8. The government moved to the Supreme Court challenging the Judgment of the
High Court of Uttam Pradesh. In the meanwhile, Nalin Mishra, a journalist
associated with News Network 24, conducted a sting operation on UIDAI in
which he claimed that it was possible to obtain two separate Janaadhaar
enrollment numbers or even the Janaadhaar cards with the same set of biometrics,
questioning the authenticity of security system of UIDAI.
9. The report claimed that the system can be breached easily and ended with the
statement that it was not safe to link anything with Janaadhaar. UIDAI has served
a defamation notice on the aforesaid news agency stating the sting operation to be
fake and also claimed that it was a trail by media when the matter was already in
the court. The agency on the other hand is arguing that it only wanted the public to
be aware and was doing their duty. The highest standard of protection of data and
secrecy has not been put in place to ensure that there is no leakage. It is a matter
of great concern which many citizens and civil society groups have expressed.

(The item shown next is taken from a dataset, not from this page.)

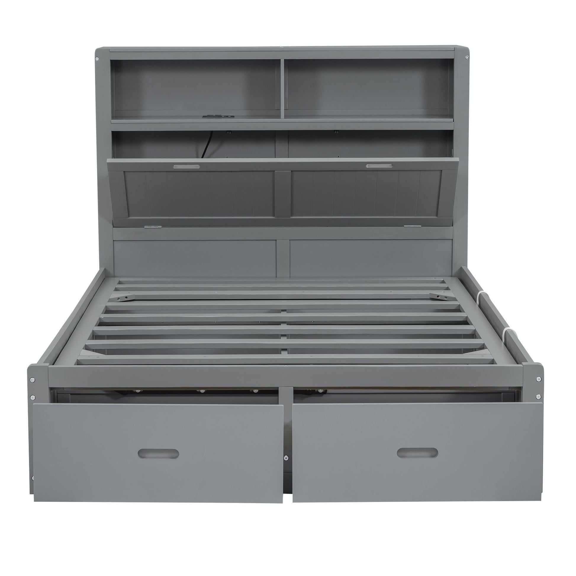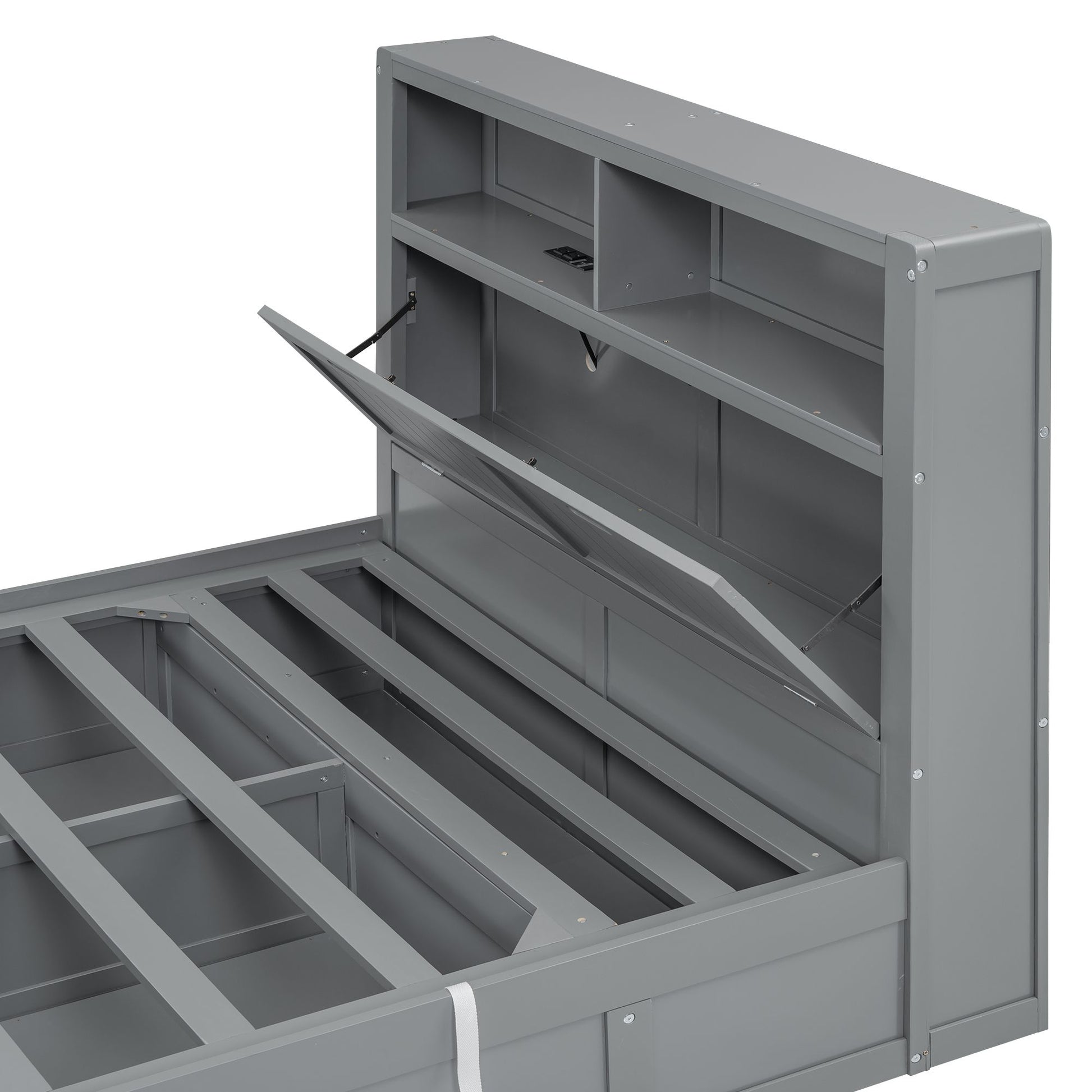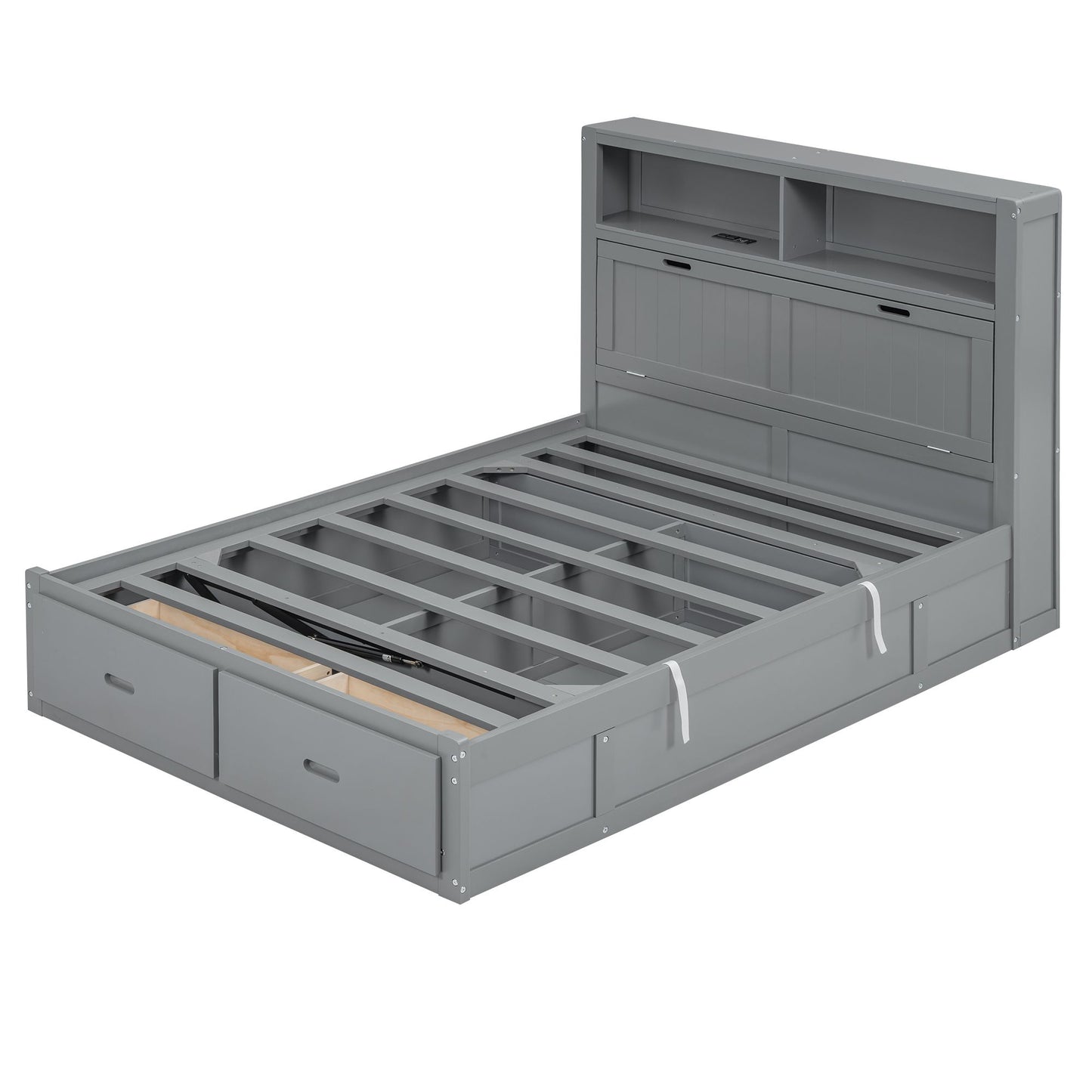 Full Platform Bed with Hydraulic Lift Storage, LED Headboard and Charging Station in Gray

10. While all this was going on, two students of Indiana University, Aman Srivastava
and Tanya Kumari hacked the UIDAI server and pulled out data from it for their
own app. They gained access to the data through the Digital India e-hospital
initiative of the Ministry of Electronics and Information Technology. FIR was
lodged against them and during investigation it was found that they hacked into
the server of e-hospital system and used to send verification requests to the UIDAI
database for their own app. The UIDAI system gave permission to access because
the authentication requests were coming from the e-hospital system.

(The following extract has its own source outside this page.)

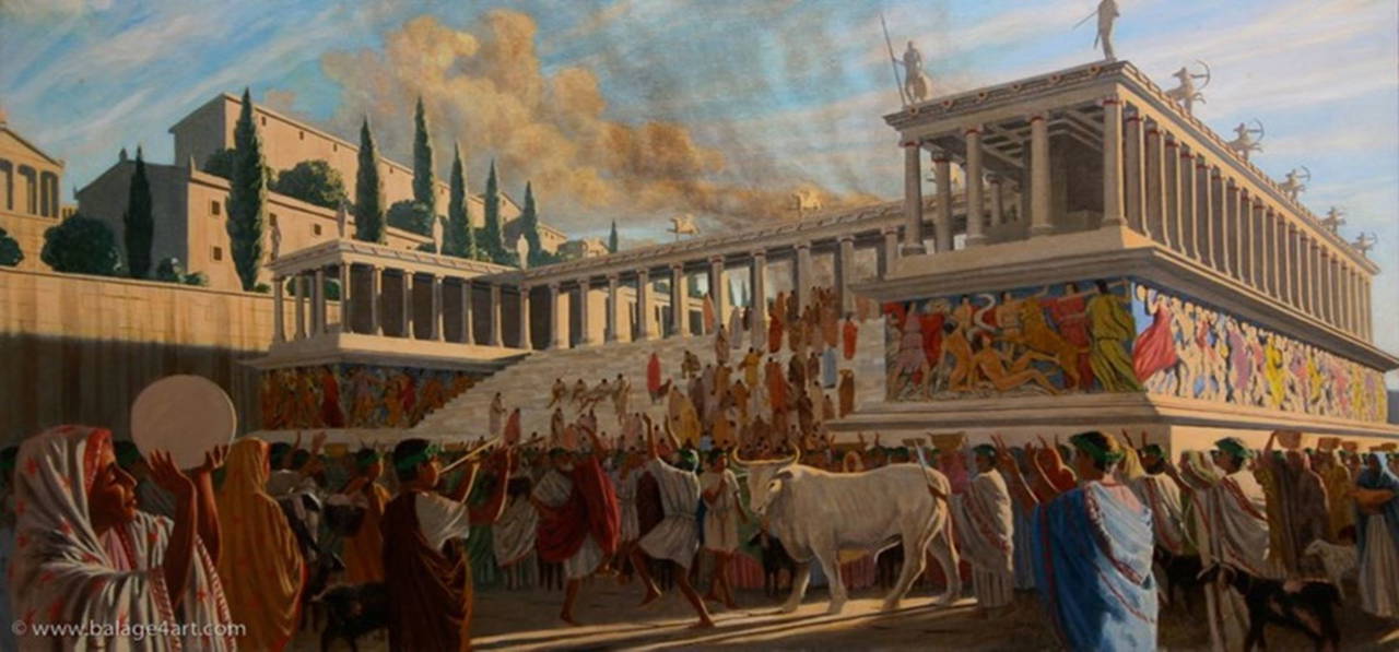 At nalı biçiminde, 35*33*~12 mt boyutlarında bir yapı olan Sunak tapınma yeri olmaktan öte Baş Tanrı Zeus için adanan kurbanların sunulduğu yerdi.

11. A case of cybercrime under the Information Technology Act was filed against
them for leaking the private data of more than 50,000 individuals. The students
argued that the data was not protected and was easily accessible and they did it
just to prove that the UIDAI servers are not fully equipped with security system to
protect its data. There was outrage for such easy leak of data in the public against
the government and its policy of Janaadhaar as, after the introduction of their
scheme, the Janaadhaar related fraud cases have increased manifold.
12. The Supreme Court sensing the urgency of the matter suo moto took cognizance
of all the cases and clubbed them together and posted for a hearing on 23rd
March, 2018.

NOTE: All the Laws of Union of Indiana are same as that of India. The
participants can raise any other issue relevant and mandatory to this issue of
Janaadhaar cards of Indiana in the light of Aadhar cards in India.